In 2015, when Dylan was awarded the “Musicares person of the year” award, he spent most of his speech attacking anyone in the music industry who had ever said a bad word about Bob Dylan. It’s one of the most extraordinarily, hilariously, petty bits of score-settling you’ll ever hear, and I urge you to seek it out online if you ever start to worry that your own ego bruises too easily.

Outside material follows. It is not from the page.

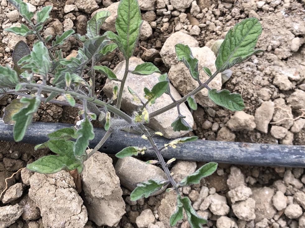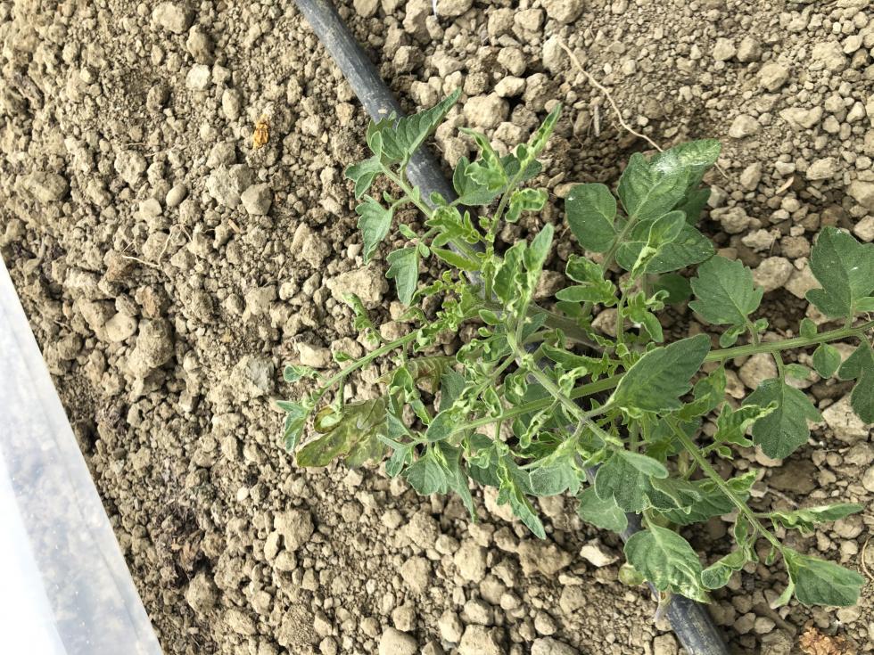 Salve ho questo problema su pomodoro da serra , è stato trapiantato il 9 marzo , cosa potrebbe essere ?

But in that speech Dylan does say good things about some people.He talks for a long time about Riley, and I won’t quote all of it, but I’ll quote a short section:

“He was a true original. He did it all: He played, he sang, he wrote. He would have been a bigger star but Jerry Lee came along. And you know what happens when someone like that comes along. You just don’t stand a chance. So Billy became what is known in the industry—a condescending term—as a one-hit wonder. But sometimes, just sometimes, once in a while, a one-hit wonder can make a more powerful impact than a recording star who’s got 20 or 30 hits behind him.”

Dylan went on to talk about his long friendship with Riley, and to say that the reason he was proud to accept the Musicares award was that in his last years, Musicares had helped Billy Lee Riley pay his doctor’s bills and keep comfortable, and that Dylan considered that a debt that couldn’t be repaid.

Billy Lee Riley gave his final performance in June 2009, on Beale Street in Memphis, using a walking frame for support. He died of colon cancer in August 2009, aged 75.

4 thoughts on “Episode 57: “Flying Saucers Rock ‘n’ Roll” by Billy Lee Riley and the Little Green Men

  1. Will

    I’ve often wondered if the Robert Johnson song ‘Red Hot’ was at all an influence on the one Riley covered. I don’t know this to be the case, but the rhythym of the phrase ‘Hot tamales and they’re red hot’ seems very similar to ‘My girl is red hot’ when they’re sung somehow….

    1. Andrew Hickey

      I’m almost positive it wasn’t — this was a period when Johnson’s work was almost unknown and had no real influence — but it’s entirely plausible that Johnson’s song was also influenced by the same playground chant.